> EXERCISE GOAL
The expected answer is the full listing, repeated exactly and free of images.

> DATA EXTRACT
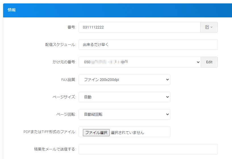 FAX送信先の番号等、下記の必要な情報を入力後、下部の青い「送信」ボタンをクリックするとFAXを送信することができます。
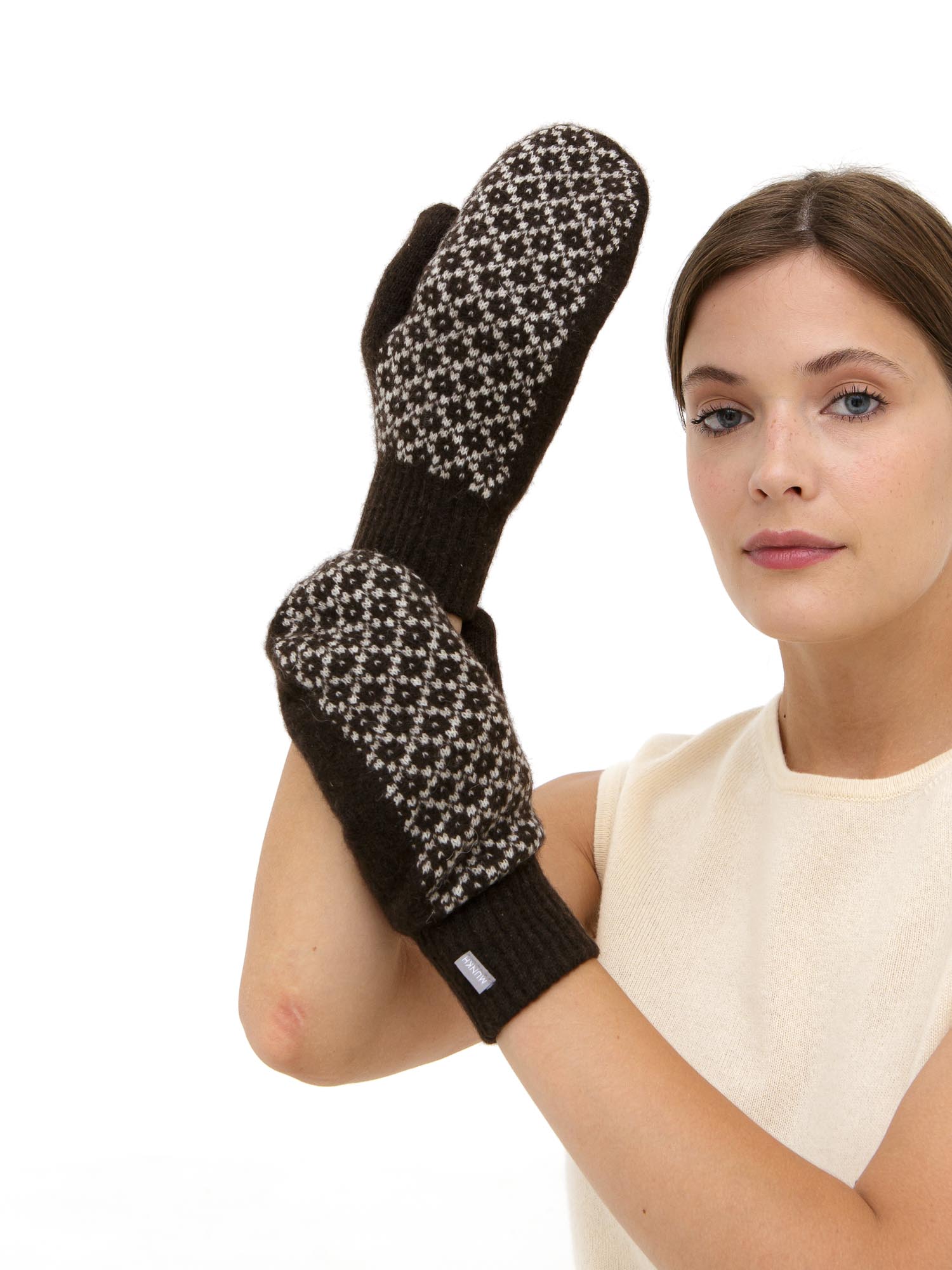 Варежки из пуха яка 30116 темно-коричневые
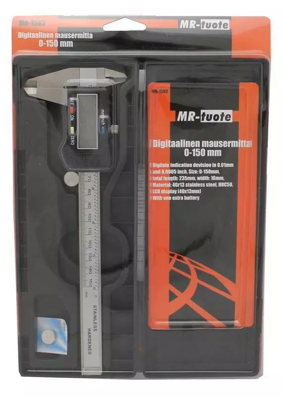 Digitaalinen mausermitta 0-150 mm Mittausalue 0-150 mm Tarkkuus 0,01 mm kokonaispituus 235 mm, leveys 16 mm LCD näyttö (40x13mm)
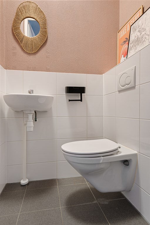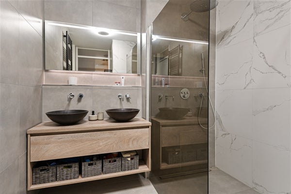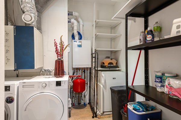 The entrance is reached via the front garden, situated on one of the raised courtyards. Here you'll find the meter cupboard and built-in wardrobe. From here, you enter the spacious living room and luxurious open-plan kitchen with various built-in appliances. From the bright living room with its tall windows, French doors open onto the spacious, sunny front garden (W). The tiled front garden is enclosed by a beautiful fence, perfect for relaxing. The modern, straight-lined kitchen with light-colored fronts features a dark composite countertop. The kitchen has a sink island, a breakfast bar, and is equipped with all modern appliances. The floor is PVC, and the walls and ceilings are sleekly finished. A door in the living room leads into the hallway, which provides access to both very spacious bedrooms, a large laundry/storage room with a heat recovery unit and a recently replaced central heating boiler, a neatly tiled separate toilet, and the bathroom with a walk-in shower and a double vanity with vanity and mirror. The bathroom was completely renovated in 2020. Both bedrooms are located at the rear of the house and have French doors leading to a French balcony. The master bedroom has a door to the bathroom, while the second bedroom has access to the bathroom through the hallway. This part of the house is also immaculately finished, making it ready for immediate move-in.

> TASK RESULT
 FAX送信先の番号等、下記の必要な情報を入力後、下部の青い「送信」ボタンをクリックするとFAXを送信することができます。
 Варежки из пуха яка 30116 темно-коричневые
 Digitaalinen mausermitta 0-150 mm Mittausalue 0-150 mm Tarkkuus 0,01 mm kokonaispituus 235 mm, leveys 16 mm LCD näyttö (40x13mm)
 The entrance is reached via the front garden, situated on one of the raised courtyards. Here you'll find the meter cupboard and built-in wardrobe. From here, you enter the spacious living room and luxurious open-plan kitchen with various built-in appliances. From the bright living room with its tall windows, French doors open onto the spacious, sunny front garden (W). The tiled front garden is enclosed by a beautiful fence, perfect for relaxing. The modern, straight-lined kitchen with light-colored fronts features a dark composite countertop. The kitchen has a sink island, a breakfast bar, and is equipped with all modern appliances. The floor is PVC, and the walls and ceilings are sleekly finished. A door in the living room leads into the hallway, which provides access to both very spacious bedrooms, a large laundry/storage room with a heat recovery unit and a recently replaced central heating boiler, a neatly tiled separate toilet, and the bathroom with a walk-in shower and a double vanity with vanity and mirror. The bathroom was completely renovated in 2020. Both bedrooms are located at the rear of the house and have French doors leading to a French balcony. The master bedroom has a door to the bathroom, while the second bedroom has access to the bathroom through the hallway. This part of the house is also immaculately finished, making it ready for immediate move-in.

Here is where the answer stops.